## PROBLEM TO WORK ON
Only the pictures are to be dropped, and the rest of the data should be copied exactly.

[Excerpts from a dataset]

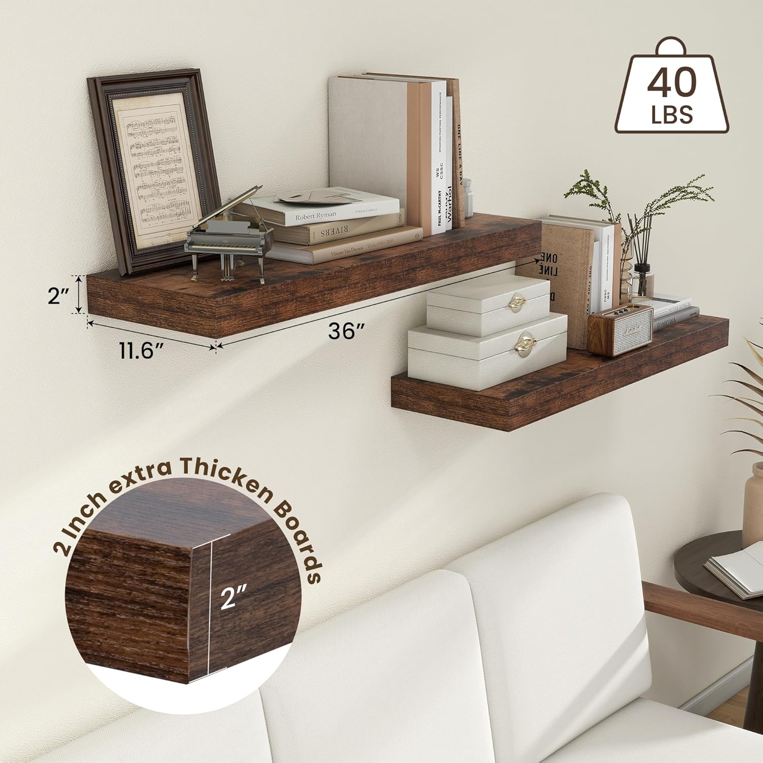 - DEEPER & THICKER SHELF - Our floating shelves measure 36W x 11.6D x 2H, deeper and thicker than usual wall shelves, which create more storage and display space for your home
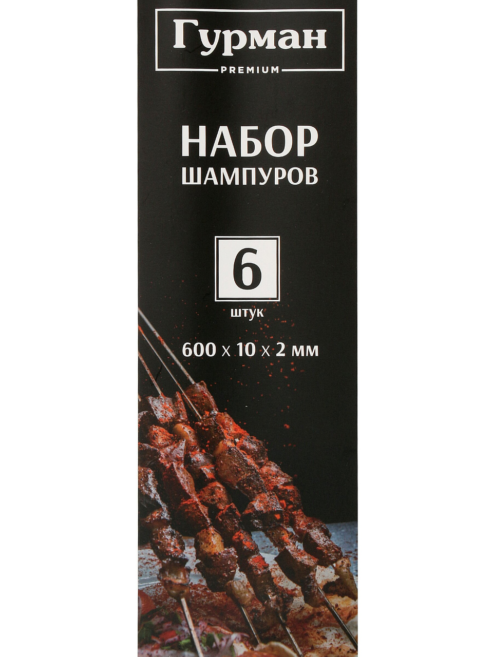 - Данный набор шампуров — идеальный вариант для тех, кто ценит отдых на природе и любит готовить вкусную еду на открытом огне. В комплекте 6 шампуров из нержавеющей стали с деревянными ручками, которые удобно лежат в руке и не скользят.
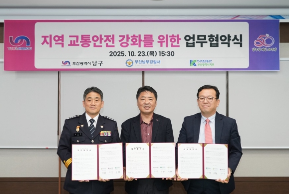 [뉴스앤톡] 부산 남구는 지난 10월 23일, 부산 남부경찰서 및 도로교통공단 부산광역시지부와 함께‘지역 교통안전 강화를 위한 업무협약’을 체결했다고 밝혔다.
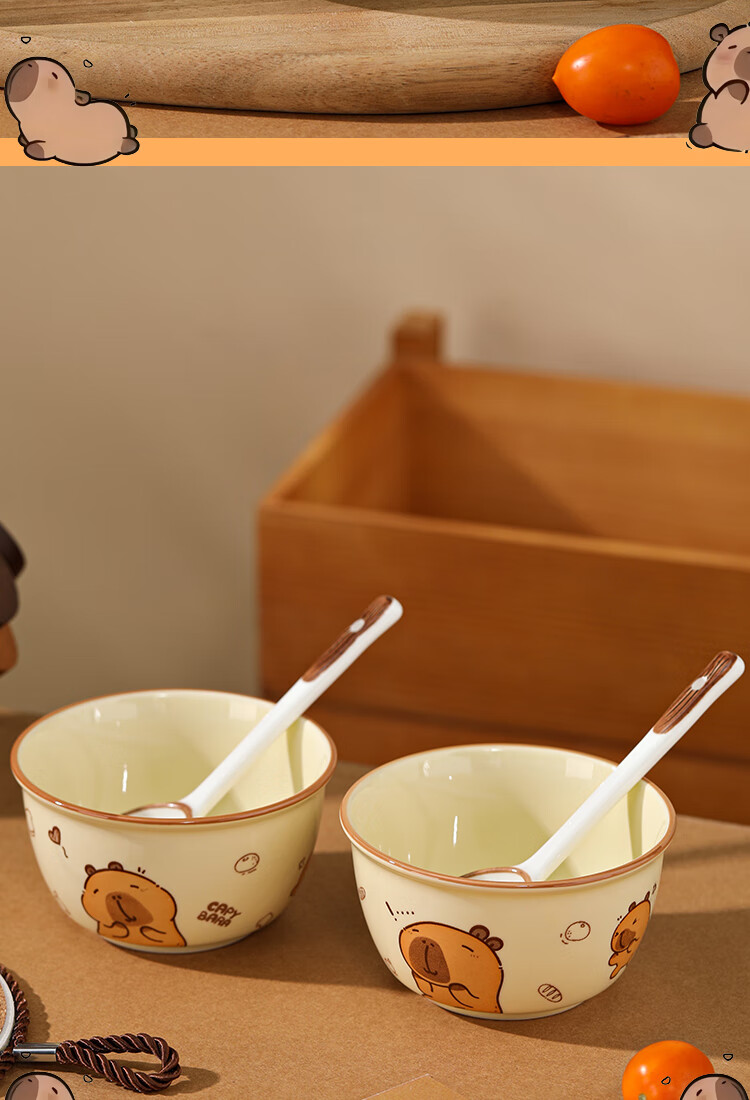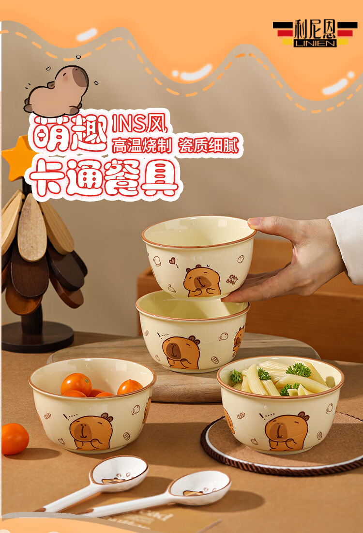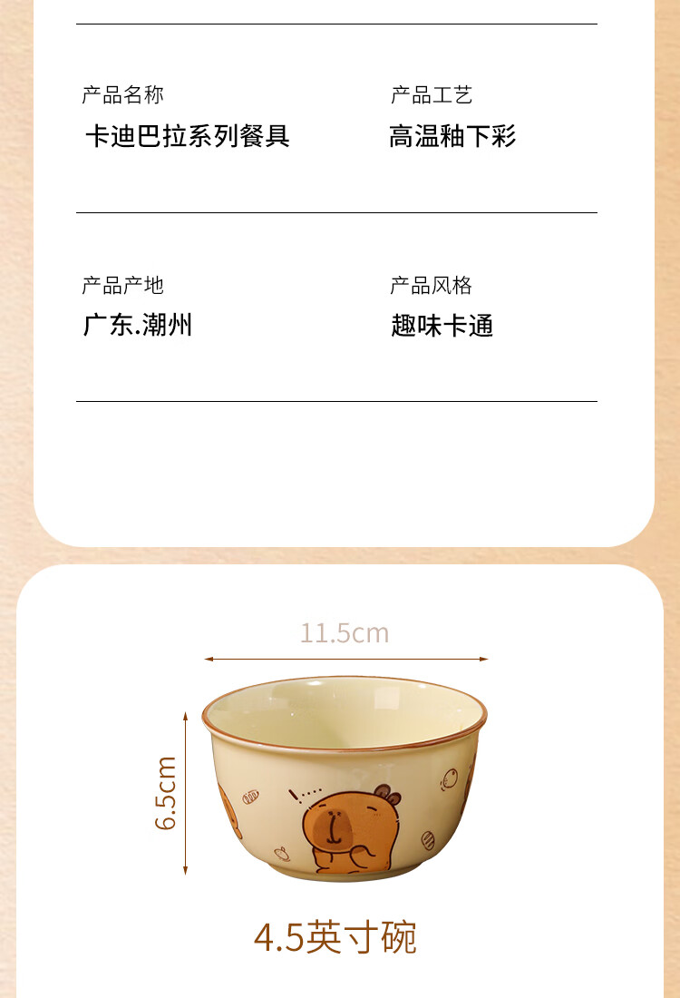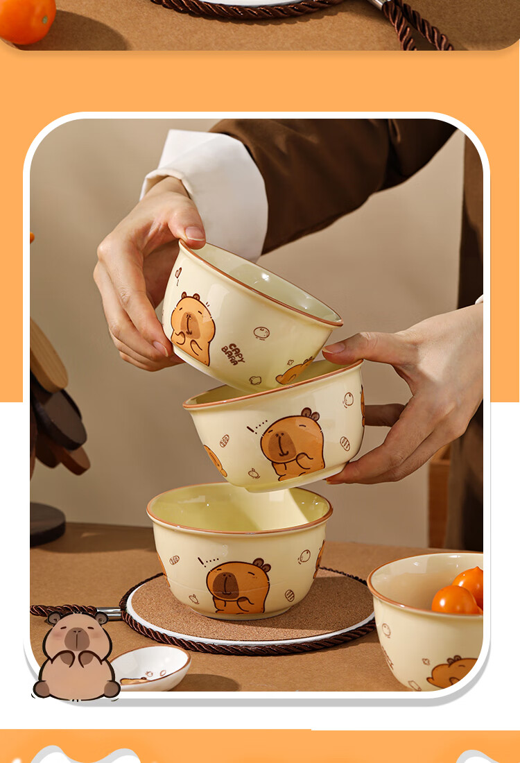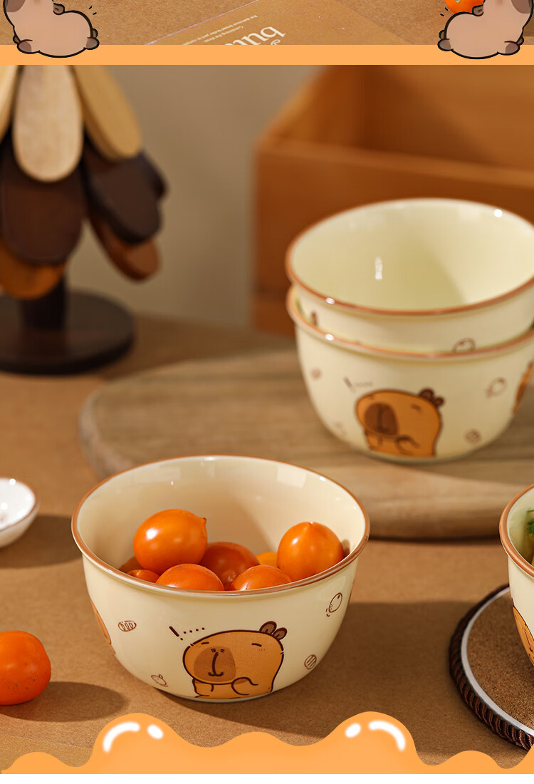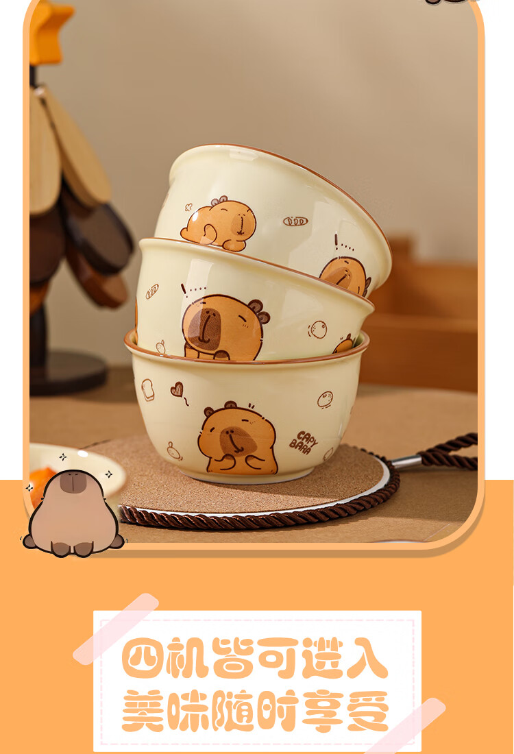 可爱卡皮巴拉斗笠碗4.5英寸饭碗家庭装釉下彩米饭碗精致儿童饭碗 4.5英寸碗【4个装】
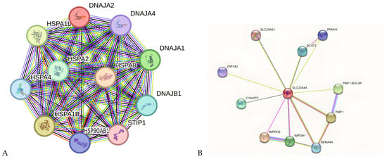Using STRING bioinformatics software, we conducted a protein–protein interaction (PPI) network analysis, identifying 34 key genes associated with KIRC and KIRP (Figure 5). The visual representation of this network shows gene relationships, where circles represent genes and lines indicate interactions between them. To further classify these genes, K-means clustering was applied. When analyzing DNAJA2-associated genes, three distinct gene clusters were identified (Figure 5A). Similarly, the PPI network analysis of SLC25A44, combined with K-means clustering, revealed seven gene clusters linked to KIRC and KIRP (Figure 5B). Each cluster was named according to its grouped genes. Additionally, PPI analysis of PHLPP2 identified 11 related genes, which were further divided into three clusters (Figure 5C). Figure 5D illustrates the overlap of genes linked to both DNJA2 and PHLPP2, while also highlighting the absence of shared genes between DNJA2 or PHLPP2 and SLC25A44. This observation suggests the need for further investigation. These findings help categorize genes based on molecular similarities and their potential roles in KIRC and KIRP.
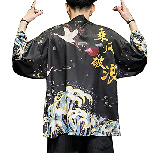 Seidarise Haori jacka för män, kimono, cardigan, Yukata Noragi Happi kappa, herr, 1-svart3, L
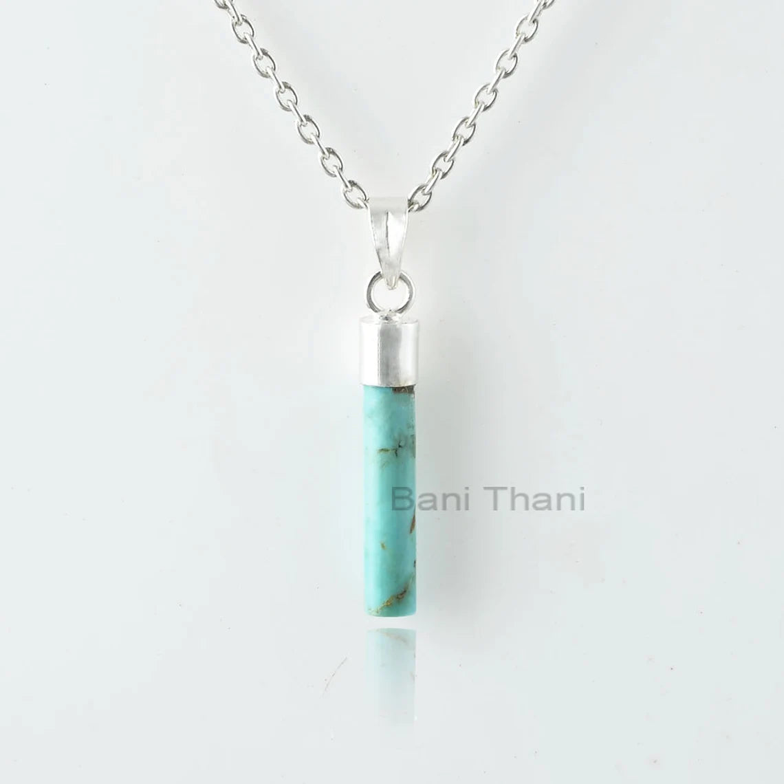 Arizona Turquoise Necklace - 925 Silver - Handmade Necklace - 4x22mm Long Stick - Gemstone Jewelry - Gift For Nurse - Jewelry For Birthday
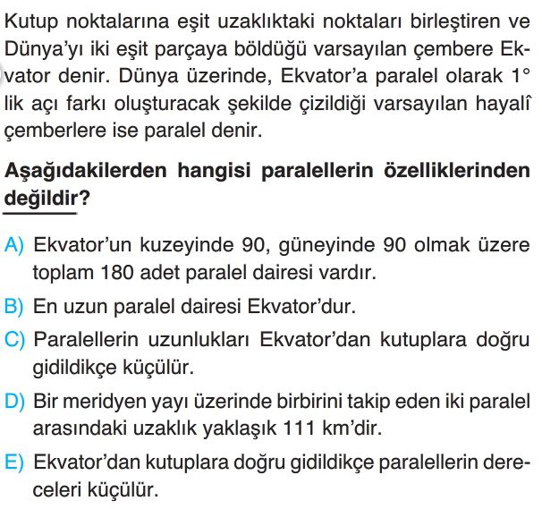 Soru: Kutup noktalarını birleştirdiği varsayılan, paralelleri dik kesen yarım çemberlere meridyen denir. Aşağıdakilerden hangisi meridyenlerin özelliklerinden değildir?
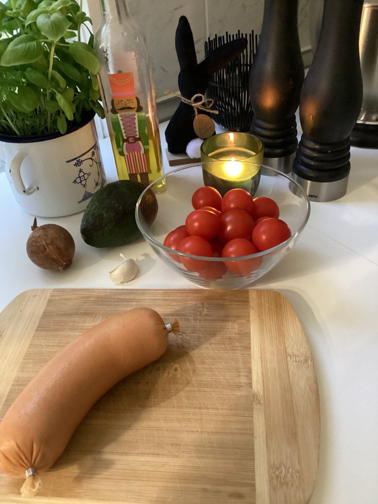 Zwiebel und Knoblauch fein hacken. Die Würstchen in mundgerechte Stücke schneiden. Kirschtomaten halbieren.

## ANSWER FOR THE TASK
 - DEEPER & THICKER SHELF - Our floating shelves measure 36W x 11.6D x 2H, deeper and thicker than usual wall shelves, which create more storage and display space for your home
 - Данный набор шампуров — идеальный вариант для тех, кто ценит отдых на природе и любит готовить вкусную еду на открытом огне. В комплекте 6 шампуров из нержавеющей стали с деревянными ручками, которые удобно лежат в руке и не скользят.
 [뉴스앤톡] 부산 남구는 지난 10월 23일, 부산 남부경찰서 및 도로교통공단 부산광역시지부와 함께‘지역 교통안전 강화를 위한 업무협약’을 체결했다고 밝혔다.
 可爱卡皮巴拉斗笠碗4.5英寸饭碗家庭装釉下彩米饭碗精致儿童饭碗 4.5英寸碗【4个装】
Using STRING bioinformatics software, we conducted a protein–protein interaction (PPI) network analysis, identifying 34 key genes associated with KIRC and KIRP (Figure 5). The visual representation of this network shows gene relationships, where circles represent genes and lines indicate interactions between them. To further classify these genes, K-means clustering was applied. When analyzing DNAJA2-associated genes, three distinct gene clusters were identified (Figure 5A). Similarly, the PPI network analysis of SLC25A44, combined with K-means clustering, revealed seven gene clusters linked to KIRC and KIRP (Figure 5B). Each cluster was named according to its grouped genes. Additionally, PPI analysis of PHLPP2 identified 11 related genes, which were further divided into three clusters (Figure 5C). Figure 5D illustrates the overlap of genes linked to both DNJA2 and PHLPP2, while also highlighting the absence of shared genes between DNJA2 or PHLPP2 and SLC25A44. This observation suggests the need for further investigation. These findings help categorize genes based on molecular similarities and their potential roles in KIRC and KIRP.
 Seidarise Haori jacka för män, kimono, cardigan, Yukata Noragi Happi kappa, herr, 1-svart3, L
 Arizona Turquoise Necklace - 925 Silver - Handmade Necklace - 4x22mm Long Stick - Gemstone Jewelry - Gift For Nurse - Jewelry For Birthday
 Soru: Kutup noktalarını birleştirdiği varsayılan, paralelleri dik kesen yarım çemberlere meridyen denir. Aşağıdakilerden hangisi meridyenlerin özelliklerinden değildir?
 Zwiebel und Knoblauch fein hacken. Die Würstchen in mundgerechte Stücke schneiden. Kirschtomaten halbieren.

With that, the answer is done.